When you’re a little kid, people like to tell you that two wrongs don’t make a right. They’re right, I suppose, if we’re doing moral math. I can’t think of a time when a wrong plus another wrong yielded a right, though I admit I don’t really go around classifying events as “wrongs” and “rights.” Sadly, now that I’m all grown up (heh), I’m also finding that I may have been lied to. Turns out that two rights may not add up to a right, either. For example:
Right #1: Julie and Julia, by Julie Powell. This is one of my favorite books of the past few years, something I picked up as light reading that somehow managed to attach itself to my psyche. It’s nonfiction: sometime around the turn of the century, a melodramatic, vegetarian executive assistant named Julie Powell decided, for no real reason, to cook all of the recipes in Julia Child’s Mastering the Art of French Cooking in a year, and keep a blog about it. The book deal came later, and what we get includes snippets of the blog, but mostly behind-the-scenes commentary from Powell’s tiny Brooklyn apartment. It’s funny and snarky, and there’s a whole chapter about aspic (which, when you think about it, is an endlessly hilarious word, not to mention concept), and it’s just…well, it’s great. It’s a Right.
Right #2: Amy Adams. I’m not sure whether I’ve given proper space to my recent affection for Adams. I loved her commitment to adorability in Enchanted—she might well have won the Golden Globe for her performance, had the show, you know, gone on—but I mostly like her because I look at her filmography and think that anyone who starts out with Drop Dead Gorgeous and gets broken up with on a booze cruise on The Office must be the kind of girl I’d like to hang out with.

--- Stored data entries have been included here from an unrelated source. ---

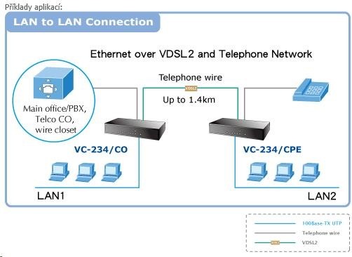 Planet VC-234, Eth. VDSL2 konvertor, 100Mbit, master/slave, 2x RJ-11, splitter, 4x RJ-45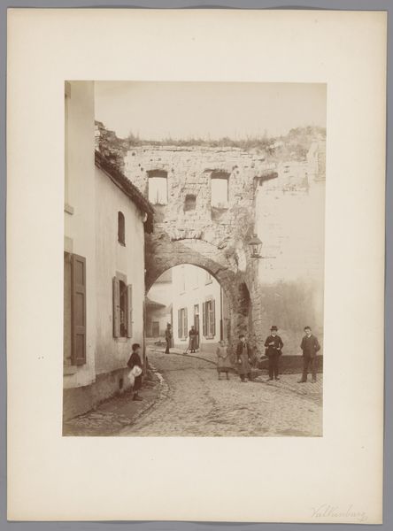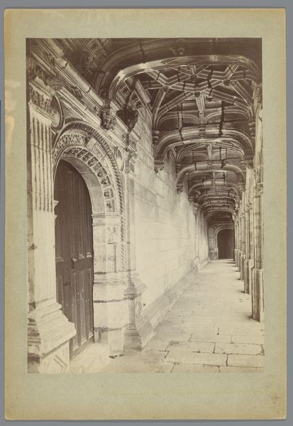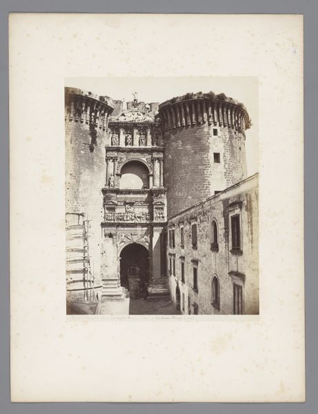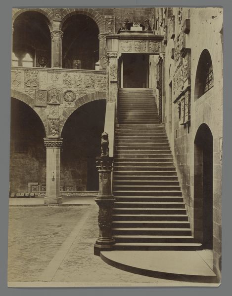 Editor: So, here we have "Piazza Vittorio Emanuele seen under the Arco di San Giovanni in San Gimignano, Italy" by Fratelli Alinari, taken sometime between 1880 and 1910. It's a collotype print. I'm immediately drawn to the geometry here. How the archway frames the street scene. What do you see when you look at this piece? Curator: The most striking aspect is the masterful play of light and shadow. Note how the arch creates a darker foreground, guiding the eye toward the sunlit piazza. The composition relies heavily on geometric forms – the arch itself, the rectangular buildings, the stark lines of the steps – all contributing to a sense of depth and structured perspective. Do you see how the textures of the stonework add another layer of complexity? Editor: I do! The rough texture of the stone creates a nice contrast with the smooth, light-filled open space of the piazza. Curator: Precisely. And the positioning of the figures, seemingly frozen in time, are those elements purposefully arranged within the scene to balance visual weight? These add a human element but are deliberately minimized to maintain the emphasis on architectural form. Consider the use of the albumen print as a medium, contributing to the tonal range, its sepia tones enriching the vintage feel. Editor: So it's about the contrasts and the visual organization rather than… a story. Curator: The narrative is secondary here. This work privileges the visual relationships: light and shadow, texture and line. These create meaning that supersedes the depiction itself. It's about the relationships of these compositional parts. The arch acts not just as a portal but a signifier, one which dictates the manner in which the composition is perceived. What do you think is being communicated in this controlled perspective? Editor: It’s like Alinari is saying, "look at this space, how it's constructed, how light interacts with it," instead of focusing on what's *happening* in the space. The clarity and stark structure of light in the arch are interesting. Curator: Exactly. Focusing solely on the inherent formal relationships, without recourse to external contexts, allows us to appreciate Alinari's masterful command of photographic elements and compositional tools. I’m particularly struck by the texture; I think that will stick with me the most. Editor: Yes, looking closely really makes you appreciate how much the visual arrangement shapes our understanding, the balance of lines, shadows, and forms shaping perspective above all else.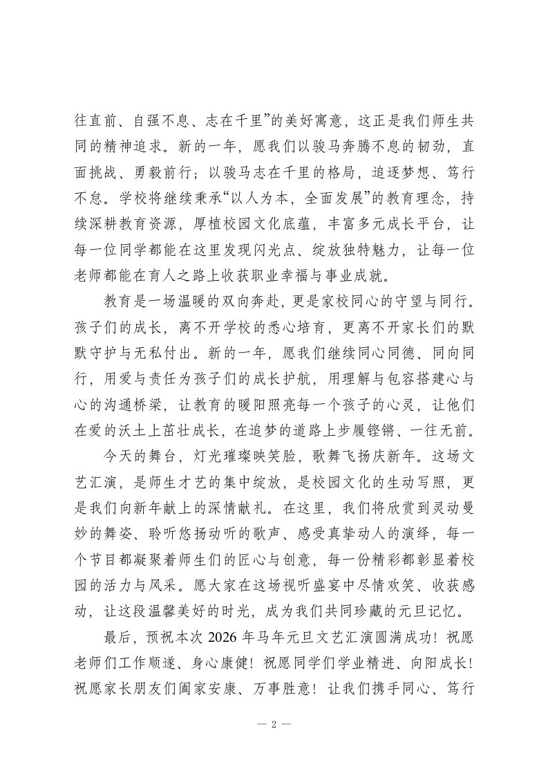 2026年马年元旦文艺汇演,校长开场致辞:骏马驰春开胜景,家校同心筑未来此内容为付费资源,请付费后查看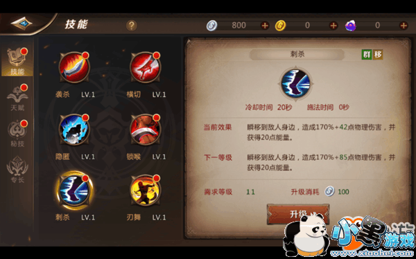 冷酷:18级解锁,瞬发技能,冷却时间60秒。释放后刺客下次攻击必定暴击。

She is also a Right.
So why am I so wary about the recent news that Amy Adams is set to play Julie Powell in the film of Julie and Julia? I think it’s because, in my mind, Julie Powell may actually be the Anti-Adams. Or, rather, she’s the Anti-Adams-on-screen. She’s nerdy and moody and she and her husband like to eat pizza with jalapeno and bacon while watching Buffy. Her biggest celebrity crush is David Strathairn. Sometimes, she’s not very nice. Other times, she’s downright awful. She’s the kind of girl some of us turn out to be, once we realize that we won’t be making a profession of looking like a Disney princess, and so it stings a little to see the role played by someone who has made a profession of looking like a Disney princess. It’s the kind of casting that makes me excited for Adams, who could probably stand a job where she gets to be something other than 100% adorable (and, frankly, it kind of makes me like her even more), but it makes me a little sad for the rest of us, who hold out hope that sometimes just writing, or cooking, or writing about cooking, or doing whatever it is that we do, makes us a little bit of a supermodel/rockstar, even if we’re doing it in some tiny kitchen somewhere.
(On another note, though: Residual sadness aside, such a dream team! Adams, Meryl Streep, and Stanley Tucci; written by Nora Ephron! The heart, it pounds!)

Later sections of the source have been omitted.